## TASK INSTRUCTIONS
Within the entries below, please return exactly the lines from the one with "家长和孩子们一起在帆布袋上享受绘画创作的乐趣" through the one with "Yet my favorite", leaving out any pictures.

## RECORDED INFORMATION

┏━━

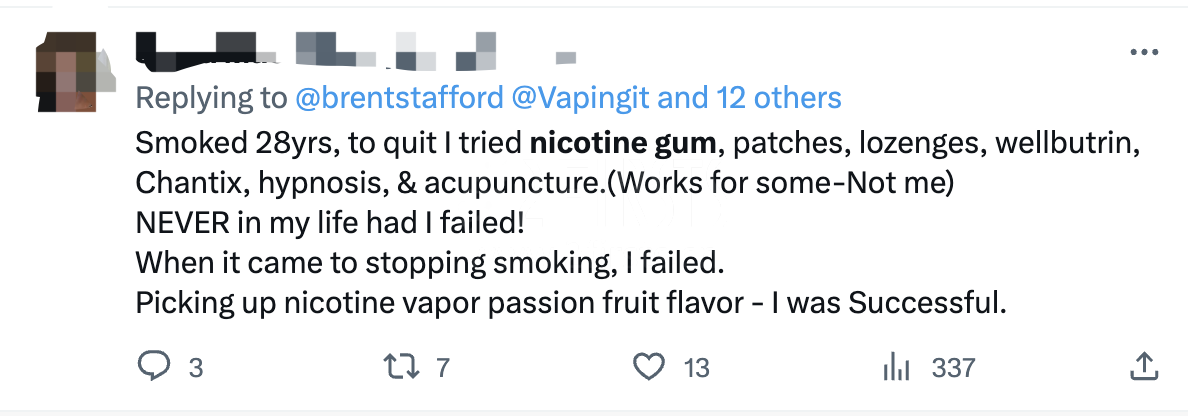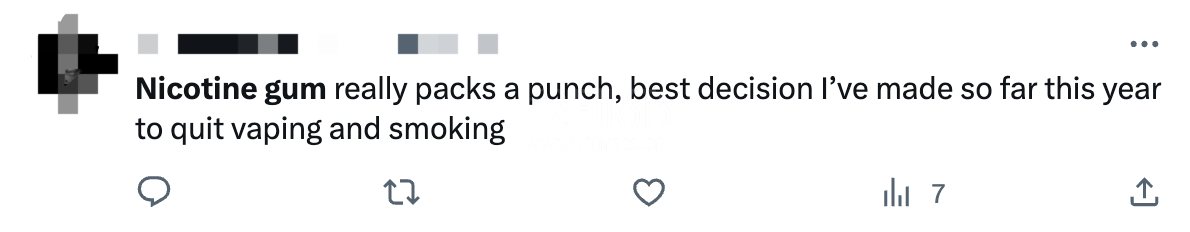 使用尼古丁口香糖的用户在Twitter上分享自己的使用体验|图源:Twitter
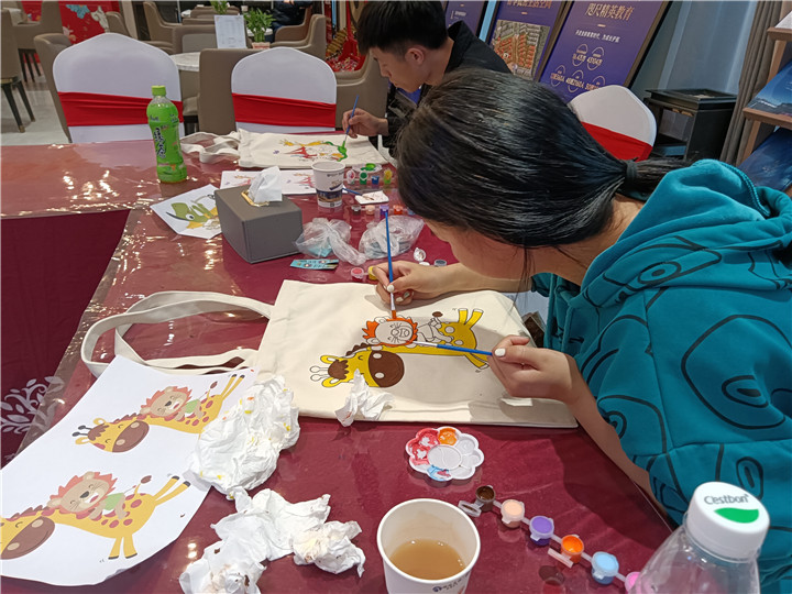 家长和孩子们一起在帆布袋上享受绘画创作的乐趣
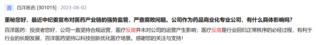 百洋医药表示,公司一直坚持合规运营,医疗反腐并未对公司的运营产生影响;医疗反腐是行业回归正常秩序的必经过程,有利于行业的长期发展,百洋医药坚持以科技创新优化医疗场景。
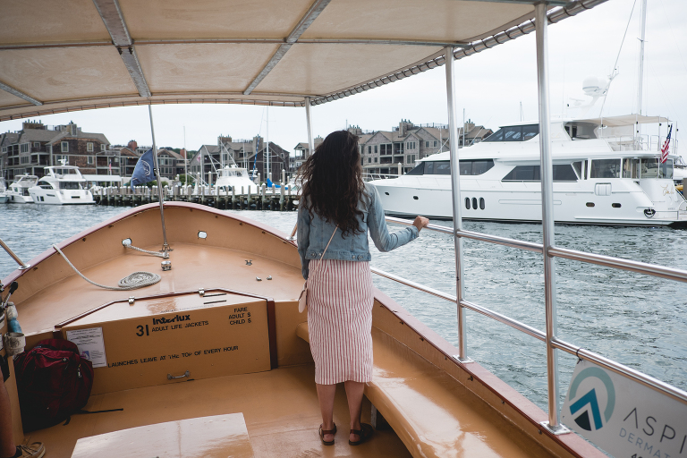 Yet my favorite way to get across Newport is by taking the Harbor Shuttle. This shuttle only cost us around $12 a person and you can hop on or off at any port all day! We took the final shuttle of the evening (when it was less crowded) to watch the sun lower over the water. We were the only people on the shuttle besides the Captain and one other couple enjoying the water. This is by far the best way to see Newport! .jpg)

┗━━
┏━━

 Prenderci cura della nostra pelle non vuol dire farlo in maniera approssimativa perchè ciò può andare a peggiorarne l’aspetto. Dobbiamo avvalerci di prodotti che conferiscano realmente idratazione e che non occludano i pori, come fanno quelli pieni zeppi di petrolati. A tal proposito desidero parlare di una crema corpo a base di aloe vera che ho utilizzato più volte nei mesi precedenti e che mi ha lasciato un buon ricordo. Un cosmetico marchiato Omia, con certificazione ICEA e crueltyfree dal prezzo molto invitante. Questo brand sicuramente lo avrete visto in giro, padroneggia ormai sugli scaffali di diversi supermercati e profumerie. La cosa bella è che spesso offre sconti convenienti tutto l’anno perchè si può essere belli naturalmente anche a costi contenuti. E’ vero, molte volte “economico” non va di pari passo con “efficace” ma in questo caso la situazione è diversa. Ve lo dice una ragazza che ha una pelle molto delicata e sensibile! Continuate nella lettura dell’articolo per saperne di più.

┗━━

## YOUR RESPONSE
 家长和孩子们一起在帆布袋上享受绘画创作的乐趣
 百洋医药表示,公司一直坚持合规运营,医疗反腐并未对公司的运营产生影响;医疗反腐是行业回归正常秩序的必经过程,有利于行业的长期发展,百洋医药坚持以科技创新优化医疗场景。
 Yet my favorite way to get across Newport is by taking the Harbor Shuttle. This shuttle only cost us around $12 a person and you can hop on or off at any port all day! We took the final shuttle of the evening (when it was less crowded) to watch the sun lower over the water. We were the only people on the shuttle besides the Captain and one other couple enjoying the water. This is by far the best way to see Newport! .jpg)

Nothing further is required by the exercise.